| Dataset records |
····················

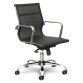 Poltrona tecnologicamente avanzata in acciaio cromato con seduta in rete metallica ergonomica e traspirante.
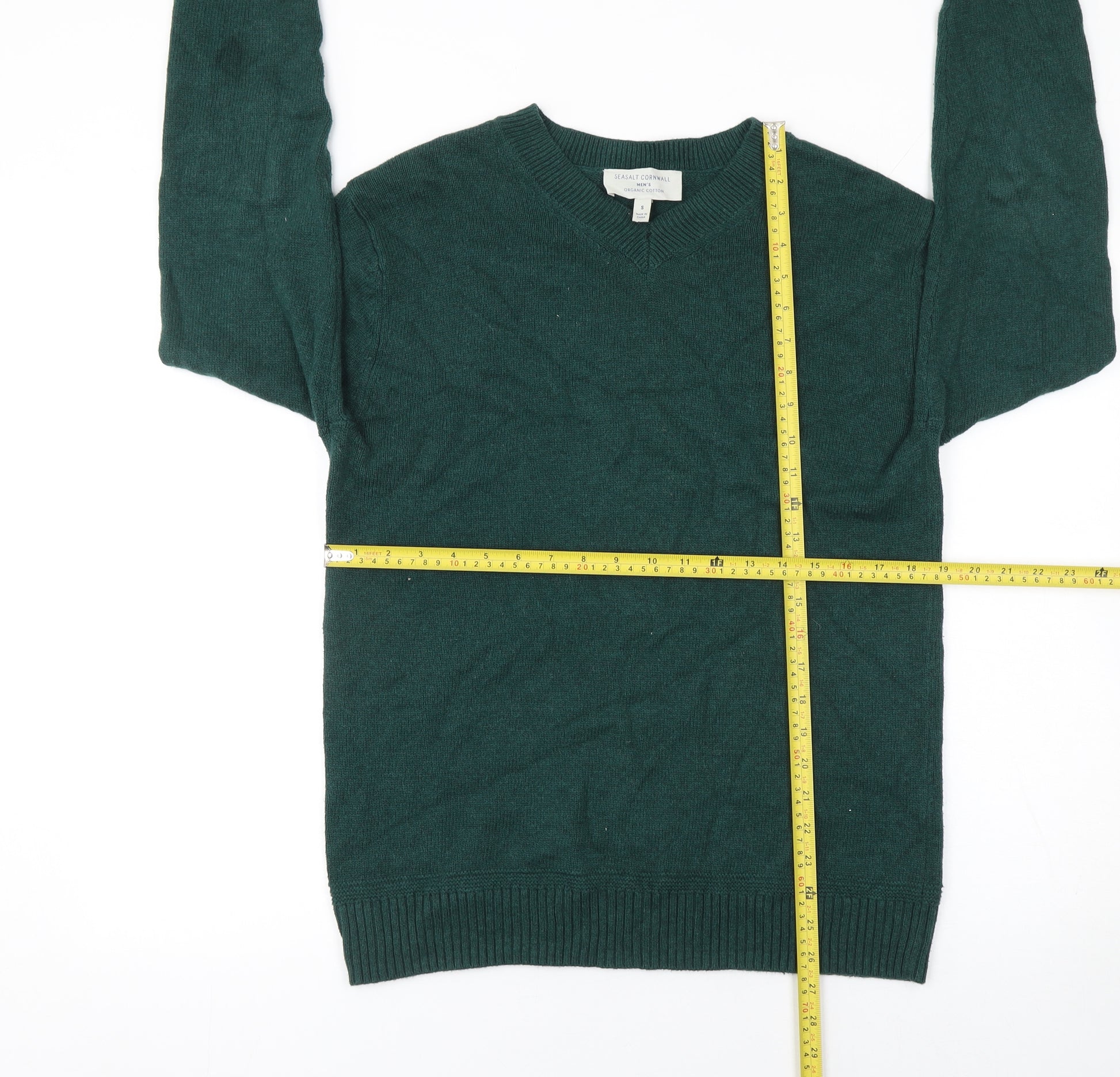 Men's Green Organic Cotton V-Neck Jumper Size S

····················

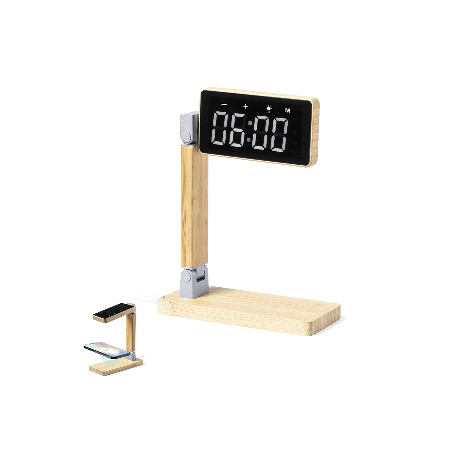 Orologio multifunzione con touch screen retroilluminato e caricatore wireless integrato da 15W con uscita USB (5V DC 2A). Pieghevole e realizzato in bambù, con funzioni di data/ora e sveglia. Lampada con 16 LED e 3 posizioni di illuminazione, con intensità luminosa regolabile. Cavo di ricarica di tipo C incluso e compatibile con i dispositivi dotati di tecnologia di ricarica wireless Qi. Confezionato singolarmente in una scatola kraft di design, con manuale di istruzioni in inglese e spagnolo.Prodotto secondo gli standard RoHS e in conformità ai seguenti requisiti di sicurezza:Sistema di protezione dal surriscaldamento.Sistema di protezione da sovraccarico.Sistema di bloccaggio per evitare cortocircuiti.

····················

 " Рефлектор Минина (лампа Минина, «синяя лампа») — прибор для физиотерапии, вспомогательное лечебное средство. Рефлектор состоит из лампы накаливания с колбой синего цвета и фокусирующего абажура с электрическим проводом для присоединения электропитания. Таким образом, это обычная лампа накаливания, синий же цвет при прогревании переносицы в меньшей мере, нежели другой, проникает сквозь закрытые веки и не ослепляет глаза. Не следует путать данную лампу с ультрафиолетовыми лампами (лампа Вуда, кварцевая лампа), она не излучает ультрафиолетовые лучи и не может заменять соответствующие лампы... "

····················

| Exercise |
Starting at the line above with "Poltrona tecnologicamente avanzata", output every line exactly up to and including the line with "Men's Green Organic", but none of the pictures.

| The completed task |
 Poltrona tecnologicamente avanzata in acciaio cromato con seduta in rete metallica ergonomica e traspirante.
 Men's Green Organic Cotton V-Neck Jumper Size S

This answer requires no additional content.